= Task requirements =
Transcribe the entries below exactly, starting with the line that has "Bác sĩ giải" and stopping after the line that has "火災(zāi)撲救組手持滅火"; no pictures belong in the copy.

= Entries shown =
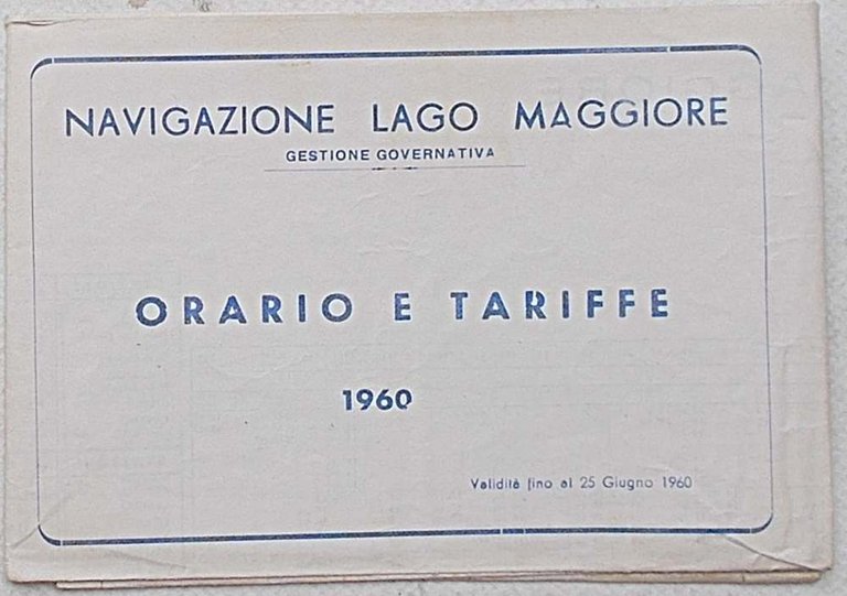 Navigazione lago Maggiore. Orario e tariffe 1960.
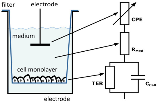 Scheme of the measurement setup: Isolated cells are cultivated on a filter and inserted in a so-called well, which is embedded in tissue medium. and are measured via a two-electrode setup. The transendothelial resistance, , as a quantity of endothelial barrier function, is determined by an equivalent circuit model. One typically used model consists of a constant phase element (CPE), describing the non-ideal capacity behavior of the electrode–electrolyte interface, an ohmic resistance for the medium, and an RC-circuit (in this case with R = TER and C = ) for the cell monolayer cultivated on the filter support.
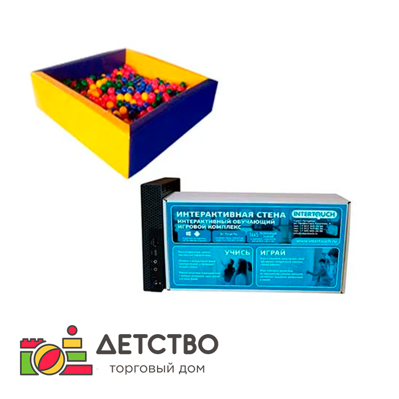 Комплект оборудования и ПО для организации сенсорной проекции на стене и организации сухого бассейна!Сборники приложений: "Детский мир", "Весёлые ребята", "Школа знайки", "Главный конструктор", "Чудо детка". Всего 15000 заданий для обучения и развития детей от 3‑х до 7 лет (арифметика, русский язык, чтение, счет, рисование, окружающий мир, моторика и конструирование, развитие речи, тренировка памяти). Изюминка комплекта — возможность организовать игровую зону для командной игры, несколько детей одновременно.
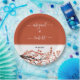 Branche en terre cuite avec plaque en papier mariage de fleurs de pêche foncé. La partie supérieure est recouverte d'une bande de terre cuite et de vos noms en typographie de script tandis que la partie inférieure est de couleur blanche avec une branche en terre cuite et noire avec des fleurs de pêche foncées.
...
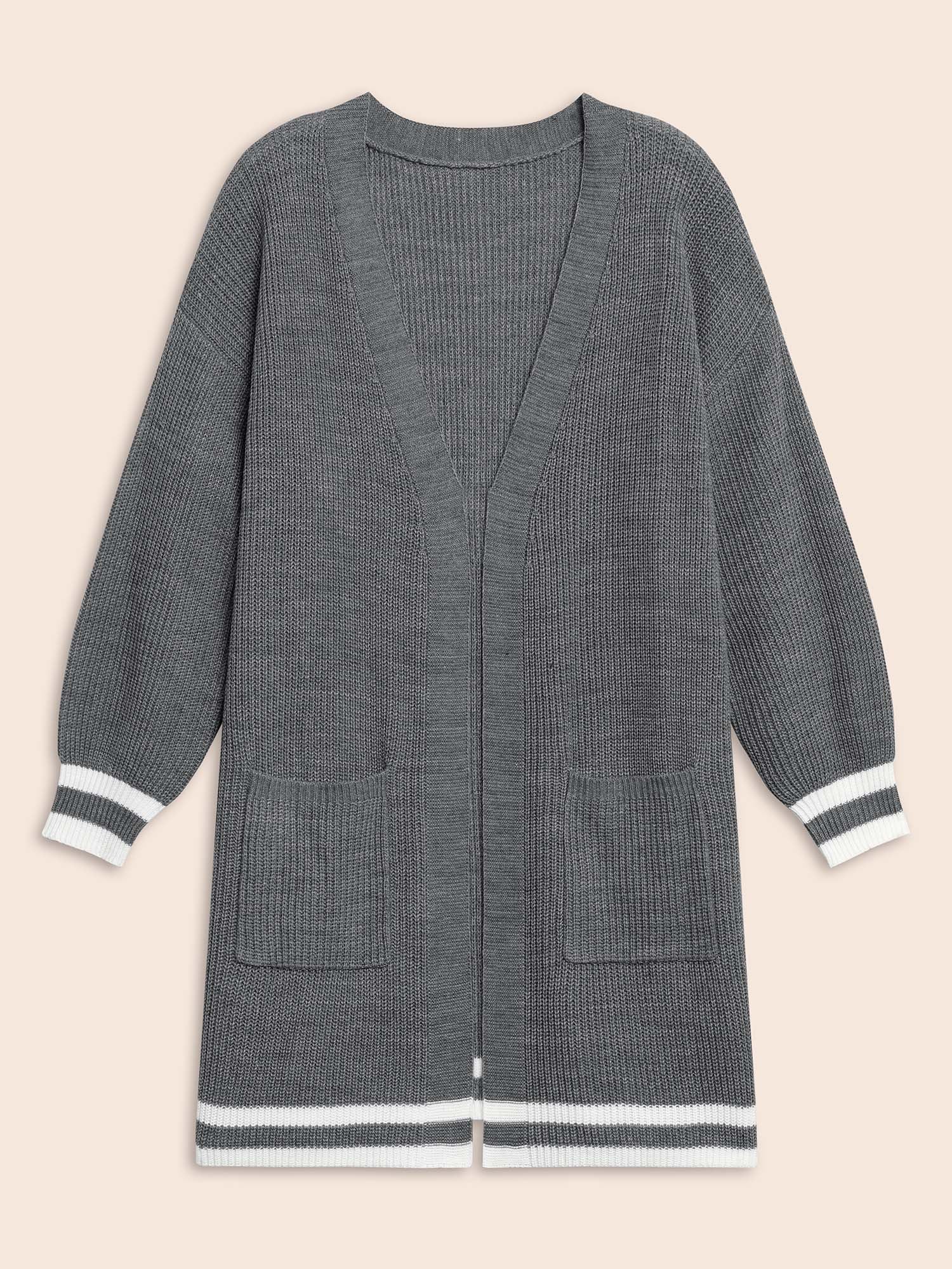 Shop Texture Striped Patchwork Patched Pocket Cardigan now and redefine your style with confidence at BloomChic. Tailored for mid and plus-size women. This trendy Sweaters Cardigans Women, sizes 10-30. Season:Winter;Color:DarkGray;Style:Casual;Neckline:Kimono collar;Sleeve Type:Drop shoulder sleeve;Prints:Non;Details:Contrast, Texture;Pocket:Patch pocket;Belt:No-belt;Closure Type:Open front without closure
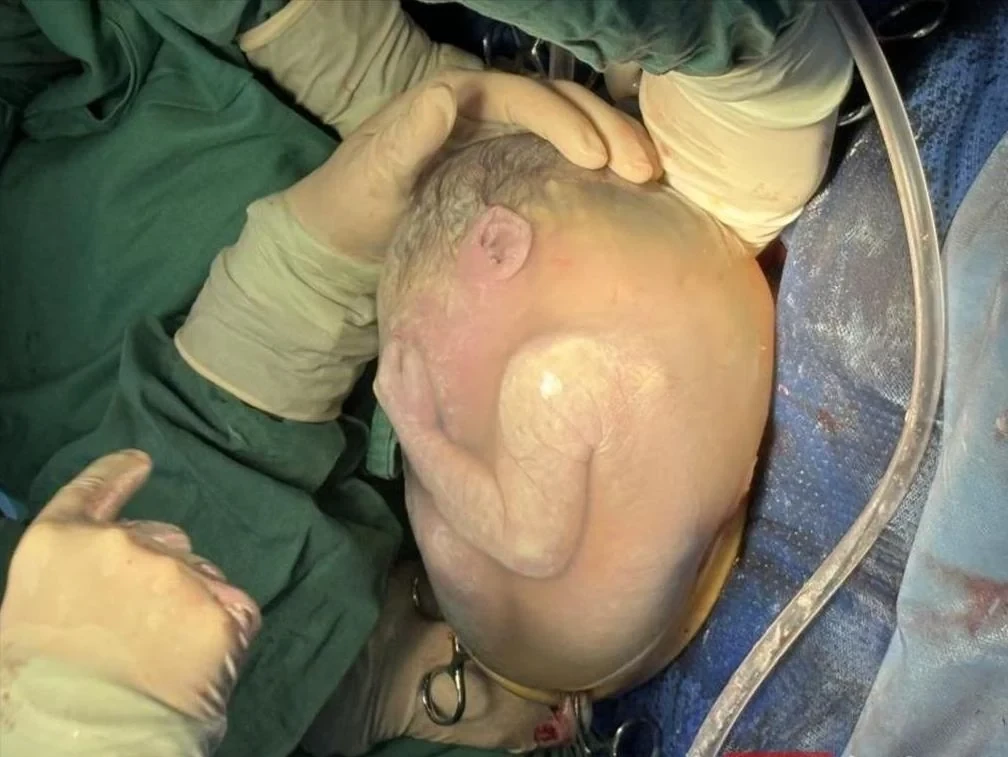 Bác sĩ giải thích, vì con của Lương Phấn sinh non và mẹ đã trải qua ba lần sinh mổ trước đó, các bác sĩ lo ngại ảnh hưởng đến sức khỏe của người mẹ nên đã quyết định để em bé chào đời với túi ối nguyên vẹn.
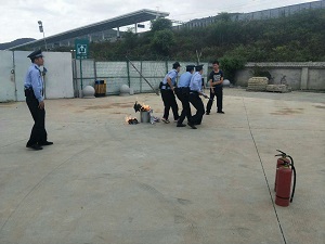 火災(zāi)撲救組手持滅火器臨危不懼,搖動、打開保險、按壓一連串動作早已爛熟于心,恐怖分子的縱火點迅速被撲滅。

= Reply =
 Bác sĩ giải thích, vì con của Lương Phấn sinh non và mẹ đã trải qua ba lần sinh mổ trước đó, các bác sĩ lo ngại ảnh hưởng đến sức khỏe của người mẹ nên đã quyết định để em bé chào đời với túi ối nguyên vẹn.
 火災(zāi)撲救組手持滅火器臨危不懼,搖動、打開保險、按壓一連串動作早已爛熟于心,恐怖分子的縱火點迅速被撲滅。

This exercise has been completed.